Pictures of Southern Life, Social, Political, and Military.

Part 12

Chapter 123,263 wordsPublic domain

One curious result of the civil war in its effects on the South will, probably, extend itself as the conflict continues--I mean the refusal of the employers to pay their workmen, on the ground of inability. The natural consequence is much distress and misery. The English consul is harrassed by applications for assistance from mechanics and skilled laborers who are in a state bordering on destitution and starvation. They desire nothing better than to leave the country and return to their homes. All business, except tailoring for soldiers and cognate labors, is suspended. Money is not to be had.
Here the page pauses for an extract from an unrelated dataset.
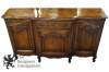 A gorgeous French Country breakfront. Made from Oak with a magnificent parquetry style top. Features carved and scalloped accents and scrolled feat. Each of the three lower doors are lockable, and the central drawer is dovetailed.

Bills on New York are worth little more than the paper, and the exchange against London is enormous--eighteen per cent. discount from the par value of the gold in bank, good drafts on England having been negotiated yesterday at ninety-two per cent. One house has been compelled to accept four per cent. on a draft on the North, where the rate was usually from one-fourth per cent. to one-half per cent. There is some fear that the police force will be completely broken up, and the imagination refuses to guess at the result. The city schools will probably be closed--altogether things do not look well at New Orleans. When all their present difficulties are over, a struggle between the mob and the oligarchy, or those who have no property and those who have, is inevitable; for one of the first acts of the legislature will probably be directed to establish some sort of qualification for the right of suffrage, relying on the force which will be at their disposal on the close of the war. As at New York, so at New Orleans. Universal suffrage is denounced as a curse, as corruption legalized, confiscation organized. As I sat in a well-furnished clubroom last night, listening to a most respectable, well-educated, intelligent gentleman descanting on the practices of “the Thugs”--an organized band who coolly and deliberately committed murder for the purpose of intimidating Irish and German voters, and were only put down by a vigilance committee, of which he was a member--I had almost to pinch myself to see that I was not the victim of a horrid nightmare.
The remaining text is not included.